2015年12月26日

警察庁、自動小銃導入へ(2)

警察庁、自動小銃導入へ(2)
 銃を選択する際には操作性が重要な判断材料の1つになりますが、近年ではボディーアーマーが装備品として必需品となっていますので、昔ながらのウィーバー・スタンスではなく、小銃でもアイソセレスで構える傾向にあります。そうなると、89式やG36などのフルサイズのストックではボディーアーマーを着用した状態でアイソセレスに構えることがかなり難しいです。何故アイソセレスに構える必要があるのか?それが分からない人は近年のボディーアーマー、特にライフル・プレートの特性をよく知らないのでしょう。

 ところでここ数年の間に、ドイツ国内においてG36の性能に対して批判的な意見が聞かれています。アフガンでの戦闘の経験から、連射や環境などの影響で極端に銃身が熱せられた際の命中精度の低下が指摘されています。しかし、HK社や他による再検証ではその様な性能の低下は見られず、またドイツ連邦軍による検証実験にHK社がオブザーバーとしても参加させられていないなど、実際にどの程度の問題がるのか、そもそも一部で報告があったような命中精度ど低下といった問題があったのか、正式な報告者が出るまではまだ暫く時間がかかりそうです。

 そもそもG36は約20年間に渡り30ヵ国以上で使用され、ドイツ連邦軍だけでも約18万丁が使用されていますが、問題となっている性能の低下はここ最近まで全く聞かれていません。また、ドイツ連邦軍も正式にHK社に問題点を報告したこともなく、一部の「内部告発」的なものがメディアを通じて軍とHK社に挙げられた様な形ですので、本件の真相には興味があります。

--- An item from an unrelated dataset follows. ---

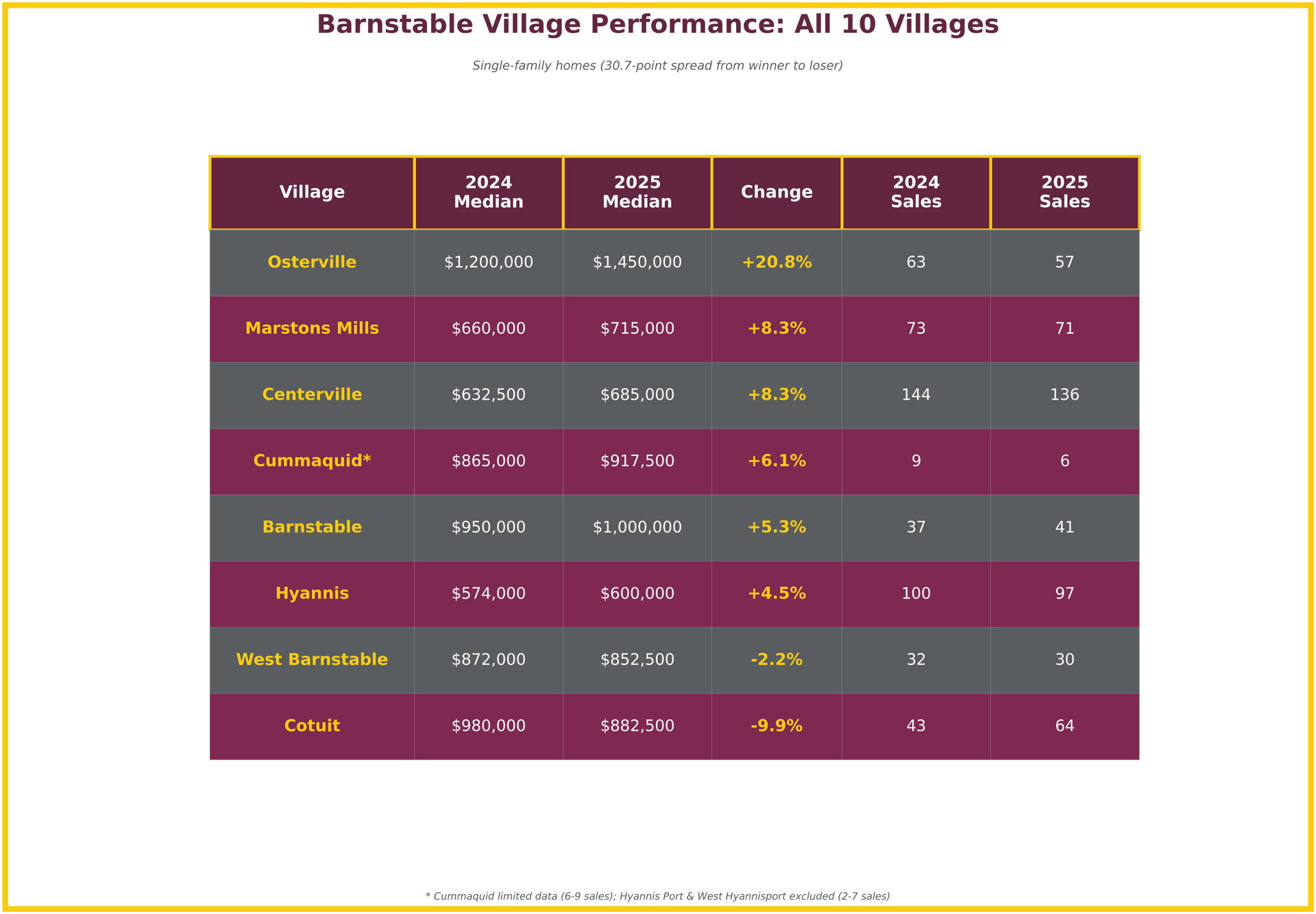 Analyzing single-family home performance across all 10 Barnstable villages, Deborah Camuso identified clear winners, solid performers, and villages where buyers overpaid and sellers are now stuck. Here's what happened—and what it means for your 2026 decisions.

 また、最近ではEOTECHが極端な気温差に晒されるとゼローイングがずれるとの指摘も挙げられています。約23℃の環境でゼローイングを行った際に、-40℃或は50℃の環境下で最大で4MOAのズレが生じると報告されています。極地で戦く部隊や世界中のあらゆる地域へ展開する特殊部隊であればこの問題は大きなものですが、限定的な地域で活動する警察部隊にとっては差ほど気にならない問題です。因みに4MOAのズレとは、100m先で約12cmの差になります。

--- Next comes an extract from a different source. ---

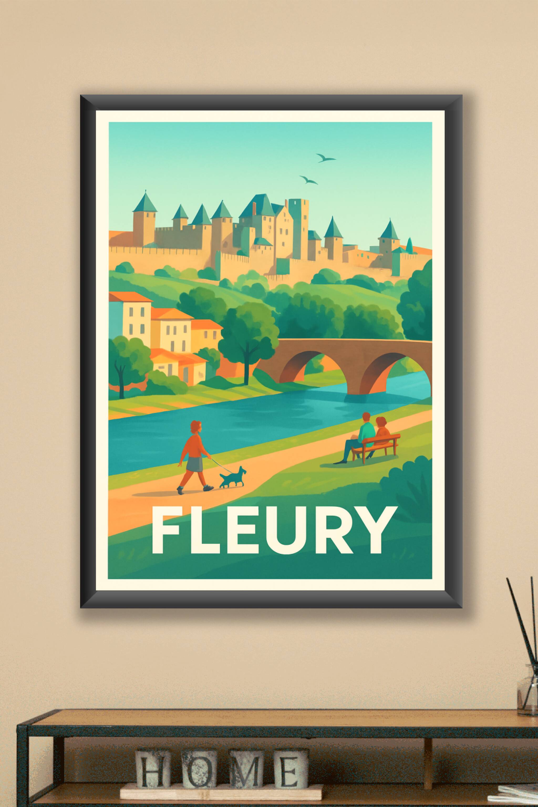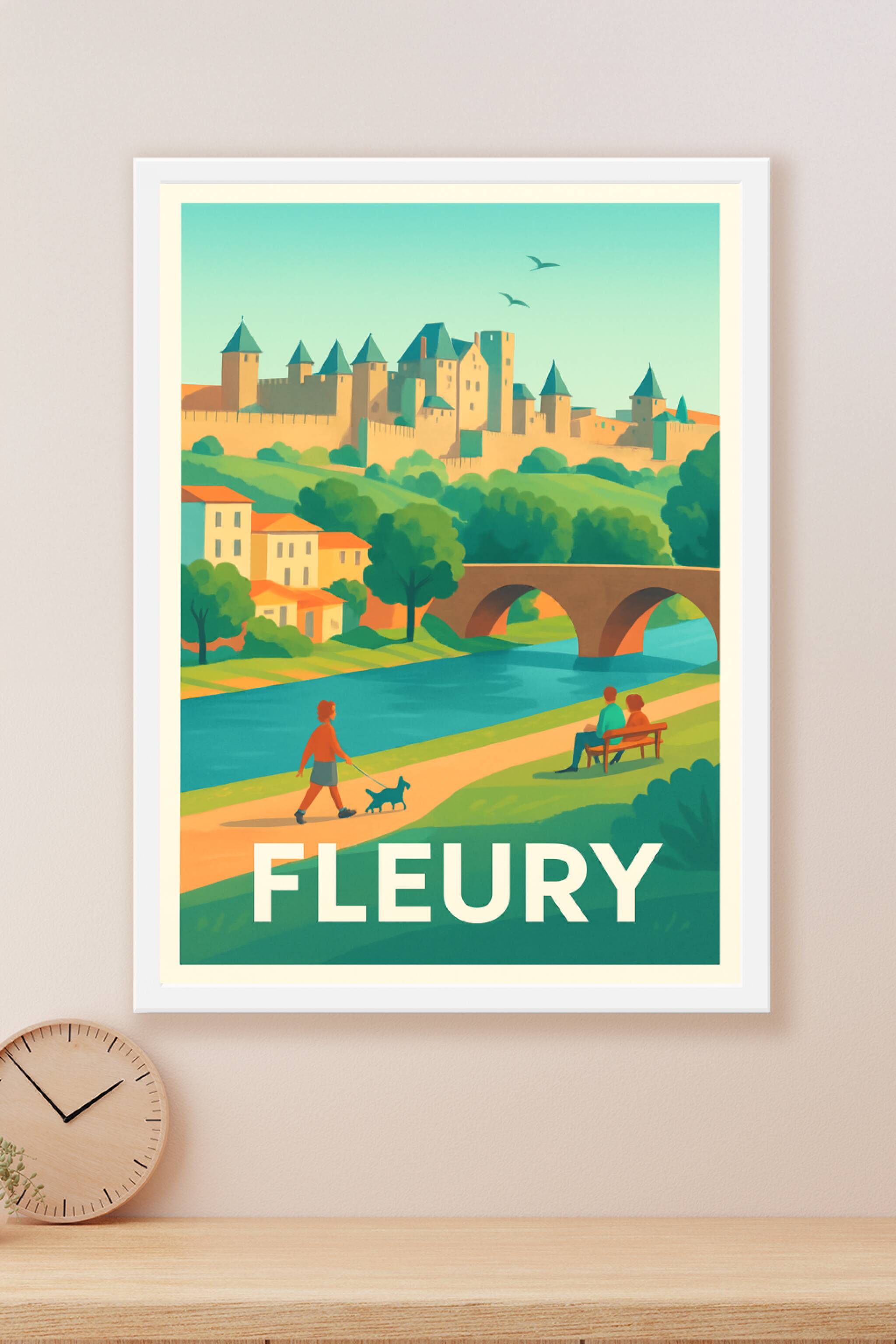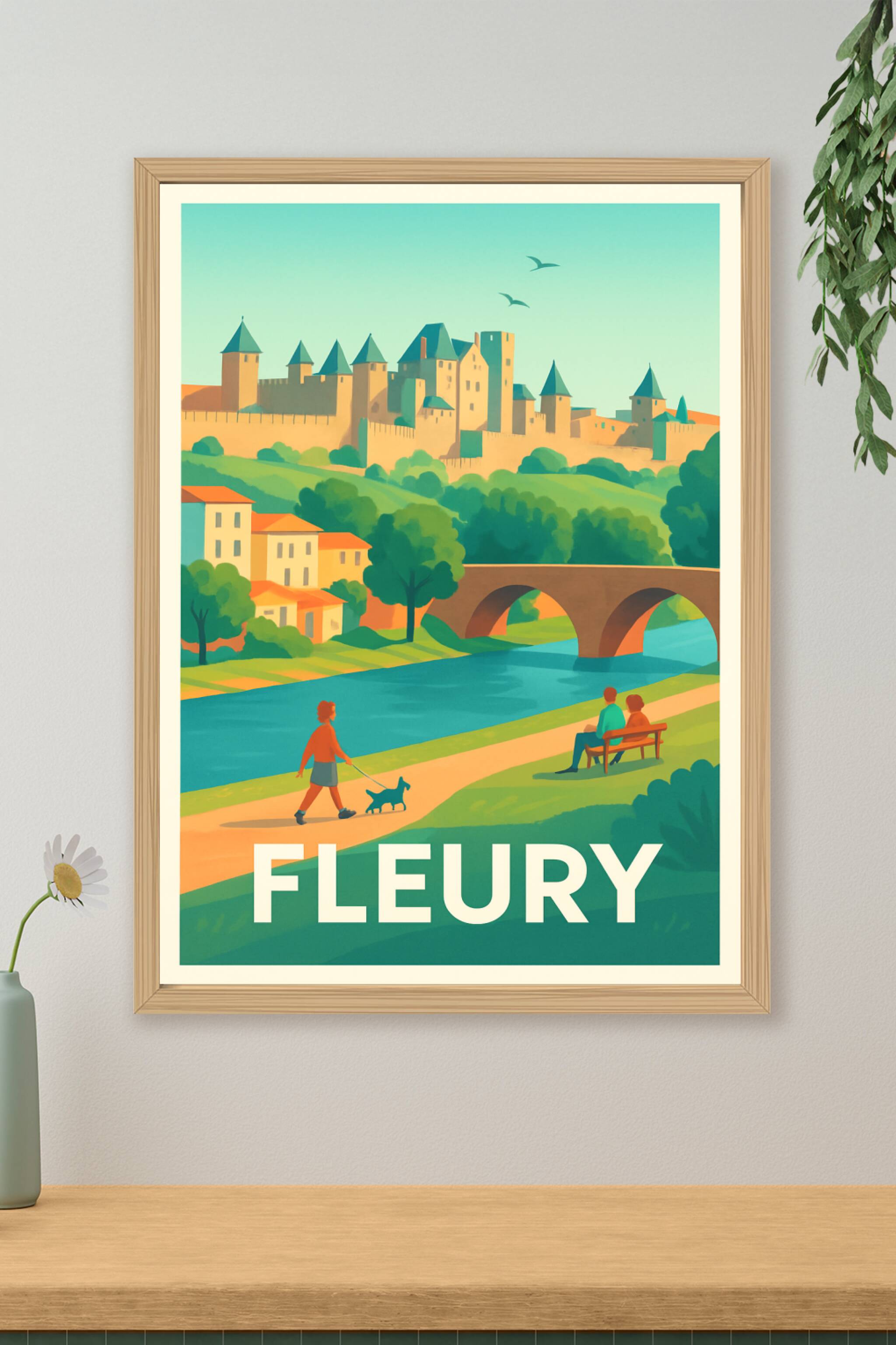 Découvrez l'élégance paisible de Fleury avec cette affiche illustrée mettant en scène son château majestueux surplombant la rivière, un pont en arc...

 ただ、EOTECHは警察部隊が遭遇するであろう戦闘距離には最も有効な光学装置です。ローライトでの使用時には少々注意が必要ですが、Aimpointよりもレティクルが見やすのと、暗視装置と組み合わせて使用する際のレティクルの視認性の高さから、難しい訓練を必要とせず隊員が習熟することが可能です。逆に個人的には自衛官にはドットサイトよりもTrijiconのACOGを勧めたいです。近接戦闘から300mを超える射撃まで、サイトの修正をすることなく当てることが出来ますので、実際に使ってみてさすが海兵隊が装備しているものだと感心しました。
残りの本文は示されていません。